Chinese Calligraphy Club

Students master the art of calligraphy in the Chinese Calligraphy Club. Photo by Rachel Lee

“The purpose of this club is to allow Woodbridge students to learn Chinese art and calligraphy in a fun
and relaxing environment.”

In an effort to introduce Chinese culture and art to the larger Woodbridge High community, junior and club president Evette Ton and junior and vice president Madison Lee founded the Chinese Calligraphy Club. Club meetings are held on a biweekly basis in club advisor and Chinese teacher Joy Chao’s classroom. Members gather to create Chinese calligraphy together, an activity that serves as both a writing exercise and an art form. Chinese Calligraphy Club exemplifies interest in Chinese art on Woodbridge campus, drawing students of all cultural backgrounds to learn more about the traditional practice. “I think art is something a lot of people enjoy. It’s not just a ‘single culture’ kind of thing; art is all over the world, so even if you’re not Chinese, you can still learn to like Chinese calligraphy as an art form,” Ton said. Through Chinese Calligraphy Club, students are provided an outlet to express their interest in both art and Chinese culture.


Indian Culture Club

Indian Culture Club members prepare for their annual dance performance. Photo by Rachel Lee

“The purpose of this club is for Woodbridge students to come together and express the Indian Culture. There is a Cultural Show at the end of the year where we perform a dance along -with all the other high schools in Irvine.”
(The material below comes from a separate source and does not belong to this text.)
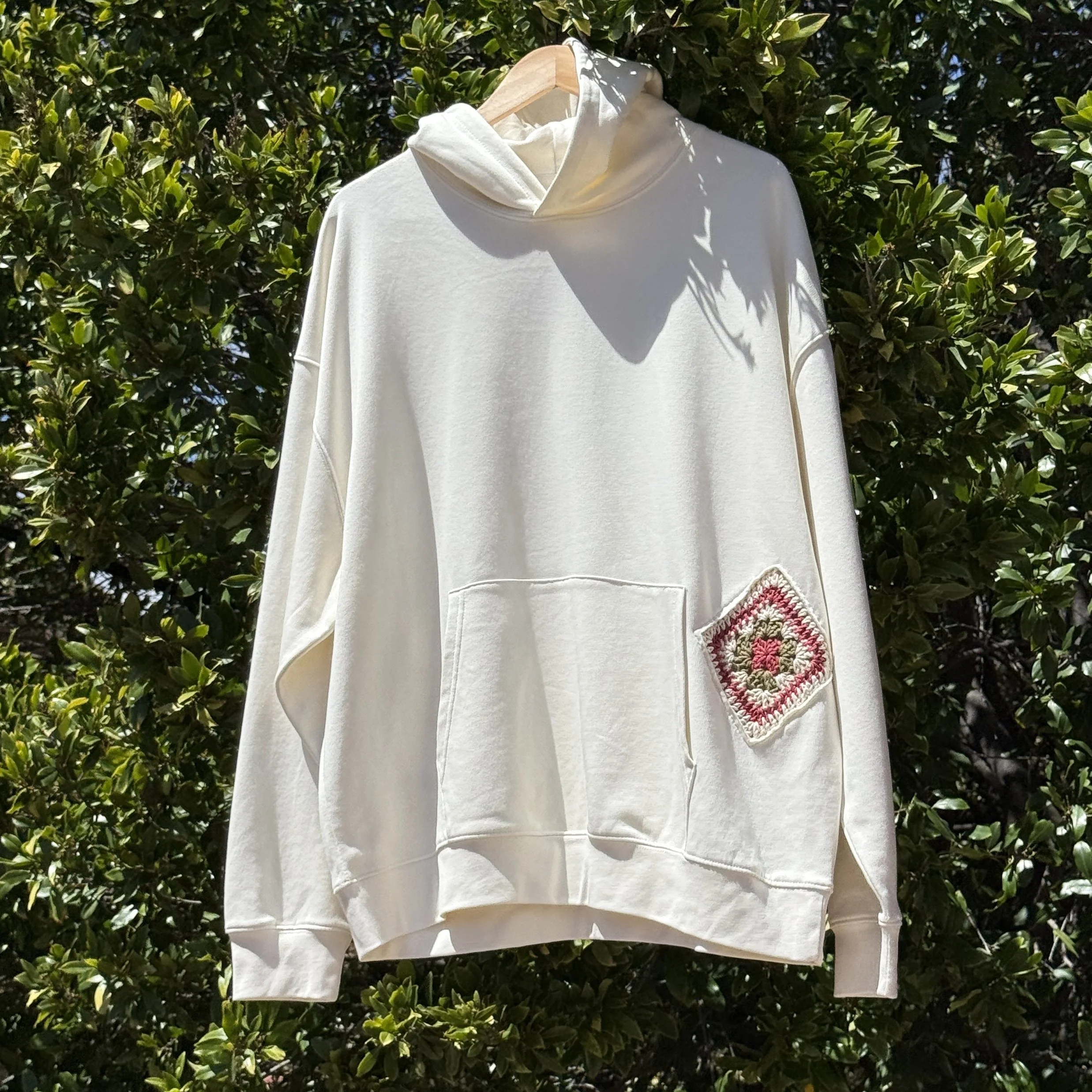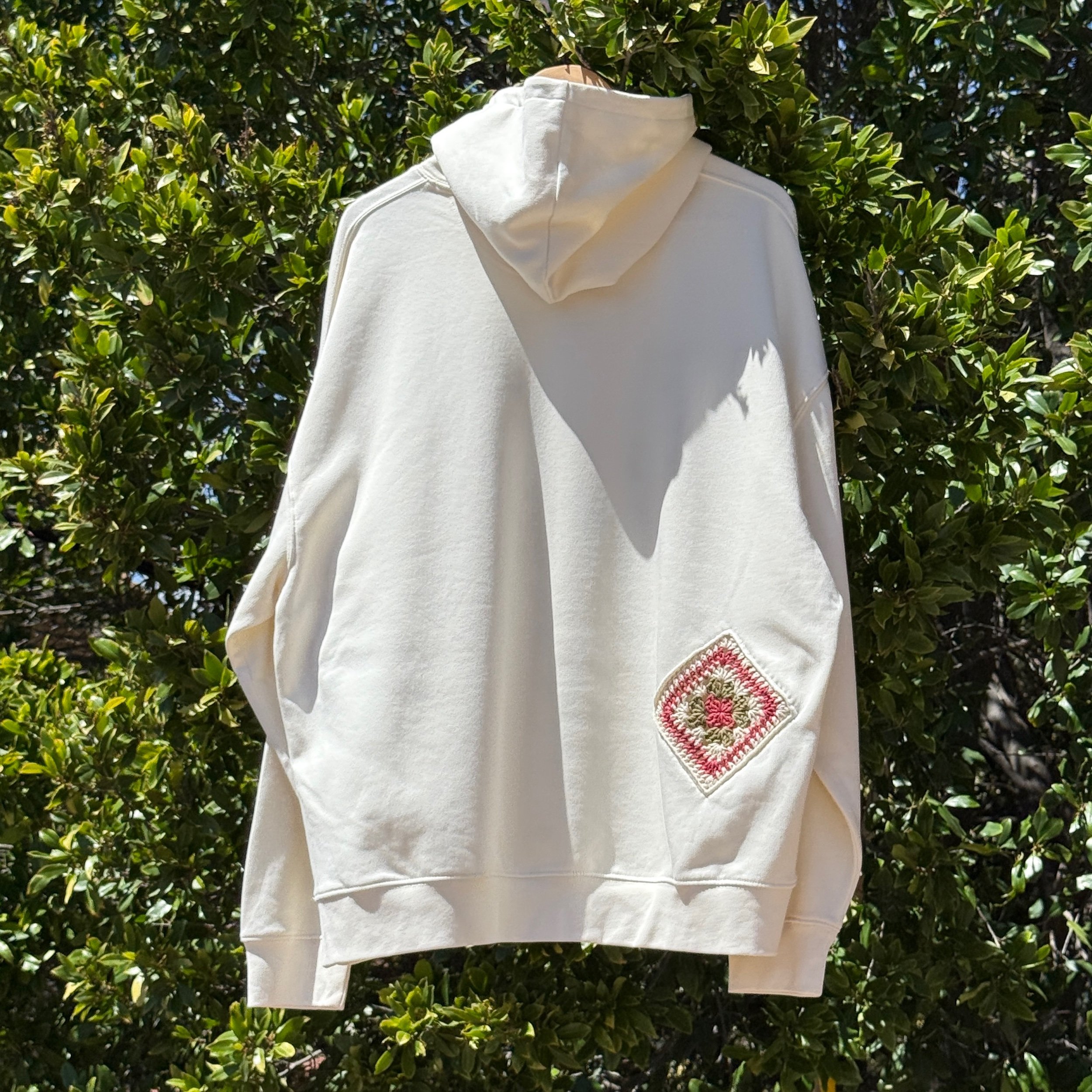 Medium weight hoodie sweatshirt decorated with crochet doodles.

As one of the oldest cultural clubs on campus, Woodbridge High’s Indian Culture Club has run for five years. Members meet every other Tuesday in club advisor and Spanish teacher Maria Gomez’s classroom.The club hopes to expose students of all backgrounds to Indian culture, namely through song and dance. Seniors and club president Ria Dhillon and club vice president Surabhi Sharma have been working alongside club members in choreographing a Bollywood style group dance, which they will perform at an inter-district culture show taking place March 30. Currently, club meetings are devoted rehearsal in the upper gym. Profit earned from the show will be donated to Khelshala, an organization educating underprivileged Indian youth. The club prides themselves in their efforts to express Indian culture inclusively, despite ethnicity. ”[Our purpose] is to bring together the community, Indian or not, and celebrate the Indian culture in a way that benefits all people,” said Dhillon.


Japanese Culture Club

Students in the Japanese Culture Club write to pen pals an ocean away. Photo by Rachel Lee

“The purpose of this club is for people to help out at Japanese volunteer events and share and celebrate the culture of Japan”

Woodbridge High’s Japanese Culture Club introduces students to Japanese culture, mainly through teaching simple Japanese and engaging in cultural activities. Students meet on the first Wednesday of each month in club advisor and art teacher Matt Takeno’s classroom. The club, led by seniors and club president Azure Otani and club vice president Emily Bell, participate in a “pen-pal program,” communicating with high school students in Japan. Students from both countries are prompted to write to one another, encouraging Japanese students to learn English, and Woodbridge students to learn Japanese. “[Many] joined with the hope of being able to write a little bit, speak a few words, converse on a very simple level- just enough to understand what people are saying. The pen pal situation [gives students] a reason to write, and calls people back to meetings” Otani said. The club accepts students of all ethnicities, embracing student diversity.


Explore Laos Club

The Explore Laos Club focuses on increasing awareness of important historical events. Photo by Rachel Lee

“The purpose of this club is to educate others about the history and culture of Laos through social, educational, and cultural events. Our goal is to spread awareness and raise money for Legacies of War.”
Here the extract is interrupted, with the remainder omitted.